Co z tego, że sprawa jest nieco zbieżna z treścią napisanej przeze mnie książki? Podobną zbieżność gotów jestem wykazać przy wielu przestępstwach, opisywanych przez autorów sensacyjnych powieści wydawanych zarówno w kraju, jak za granicą. Autor piszący książkę w jakiś sposób transponuje pewne dawne wydarzenia, które rzeczywiście zdarzyły się.
– A jednak to podobieństwo jest uderzające.

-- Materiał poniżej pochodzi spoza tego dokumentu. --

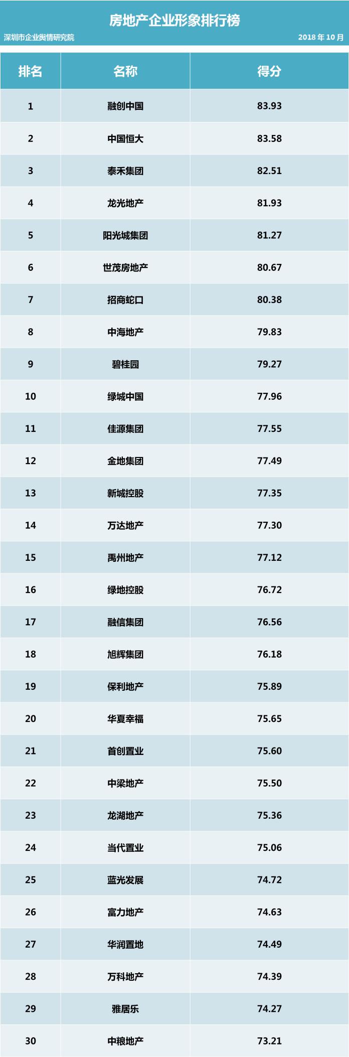 本榜單從規(guī)模實力、輿論曝光度、主動推廣力度、投資者關系和負面影響等五個維度,對2018年10月1日至10月31日這一時段內房地產行業(yè)各企業(yè)公眾形象進行綜合評估并排名,旨在對房地產行業(yè)各企業(yè)開展品牌形象塑造、宣傳推廣策略、公共關系維護、品牌影響力等方面的綜合評價,既幫助相關企業(yè)找準合適的品牌定位、發(fā)展方向,也為消費者和投資者提供科學、公正、獨立的消費和投資決策參考。

– Nie. Jest pewien istotny szczegół, który różni obydwie sprawy. Zobowiązuję się przyznać nawet do zbrodni, jeżeli pan zdoła mi udowodnić, że to ja przystawiłem drabinę do balkonu. W pańskim rozumowaniu wszystko gra. Rzeczywiście, miałem okazję wejść niepostrzeżenie do pokoju jubilera. Przyniesienie z dołu młotka nie przedstawiało trudności. Stłuczona szyba i wyrzucona na trawnik kasetka, to stworzenie pozornego tropu dla wprowadzenia milicji w błąd. Ale skąd drabina? Po „Carltonie” mogłem się poruszać bez zwrócenia czyjejkolwiek uwagi. Ale gdybym wychodził na dwór choć na chwilę, musiałby to ktoś zauważyć, choćby portier lub pokojówka. Kochana drabinka – dodał dziennikarz – ratuje moją głowę. Poza tym jeszcze kwestia biżuterii. Poruszałem się na trasie mój pokój – salon. Przypuszczam, że cała ta droga została dokładnie zrewidowana. W różnych zakamarkach „Carltonu” można wprawdzie znacznie większą rzecz niż kilka świecidełek tak schować, że nikt ich nie znajdzie, ale na to trzeba mieć trochę czasu. Jeżeli założymy teoretycznie, że to ja popełniłem zbrodnię, to w ciągu tych kilku minut, jakimi dysponowałem, nie mógłbym poruszać się tak swobodnie, bo pensjonariusze zaczynali zbierać się w salonie na „Kobrę” i nie zdążyłbym zająć się ani drabiną, ani biżuterią.